Investors in U.S. venture growth funds are primarily domestic pension funds and endowments, he added.

While there has been little focus on these issues in the election campaign, Phoenix’s Briggs said the government would ultimately have to consider how the pensions industry could better serve retirees.

More than 80% of Brits have not saved enough to maintain their standard of living in retirement, according to a 2022 Phoenix report, a problem that has become more pressing over the past 20 years or so as more businesses have adopted defined contribution pension models, ultimately placing the risk around the size of their retirement savings on employees.

Briggs said any reform of the pension system should have two focuses: raising savings rates by expanding auto-enrolment and putting money into private assets, a broad area including private equity, infrastructure and venture capital.

This is consistent with the view of John Graham, chairman and CEO of the Canada Pension Plan Investment Board, one of the world’s largest private wealth investors with about C$630 billion (US$460 billion) in assets.

“Private equity has been the single largest driver of returns for our portfolio,” Graham said. “I don’t think there’s any extra risk. What you’re giving up is liquidity. Private markets work well when you pool assets over a long-term time horizon.”

Australian and Canadian pension funds have much higher allocations to equities and private assets than their U.K. counterparts, which boosts returns. Over the past decade, the size of the U.K. pension industry as a whole grew 2.9% a year, compared with 4.2% in Canada and 6.8% in Australia, according to the Thinking Ahead Institute.

Like calls to encourage pension funds to move money into UK assets, any move to increase allocations to private assets will also be controversial, especially as rising interest rates raise questions about the sustainability of returns.

The Bank of England has warned that significant risks are building up in some private assets such as private equity, and regulators have also raised concerns that private assets are being held at overvalued levels on investors’ balance sheets.

At the same time, investing in private assets is more costly than allocating to bond or equity strategies that track indexes.

Stephen Batchelor, a partner at HG Capital, a British buyout firm specialising in the software industry, argued that pension funds need flexibility to invest in areas that offer higher returns after fees.

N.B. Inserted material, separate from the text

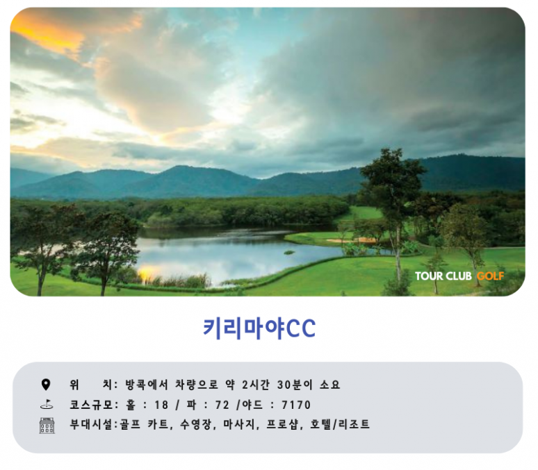 코스를 제공합니다.국립공원 내에 위치한 관계로 페어웨이가 일반적인 태국 골프장과는 달리 약간 딱딱한 편이며,

Without it, he said, “there is a risk that the pension system will be run on a buy-cheap-get-cheap principle, which will ultimately hurt UK pensioners the most.”

Increasing capital flows into private assets, including start-ups, is a central tenet of the Mansion House reforms, which also include an agreement between the UK’s 11 largest DC pension providers to target allocating 5% of their default funds to unlisted assets by 2030, up to £50 billion.

But in a sign of how heated the debate over the pensions industry’s future has become, pension providers stopped short of promising to increase investment in British companies, both public and private.

Opinion polls are predicting the first Labour government since 2010, but some City leaders argue its policy agenda remains too modest.

“We need to be bolder,” said Peter Harrison, chief executive of FTSE 100 asset manager Schroders, arguing for stronger automatic enrolment into pension schemes, tax credits to encourage investment and full pooling of local government schemes. “That would really shift the game in favour of British investment.”

Like Scullion, Harrison is a member of the Capital Markets Industry Taskforce, a group of 10 business leaders set up in 2022 to advocate for fundamental reform of the capital markets. For the entrepreneur from Altrincham, near Manchester, his main objective is clear.

“It doesn’t matter how well you develop the public offering markets,” Scullion said, “but it’s all for naught if there are no companies going public in the first place. The most important thing we have to do, of course, is learn how to build impact companies.”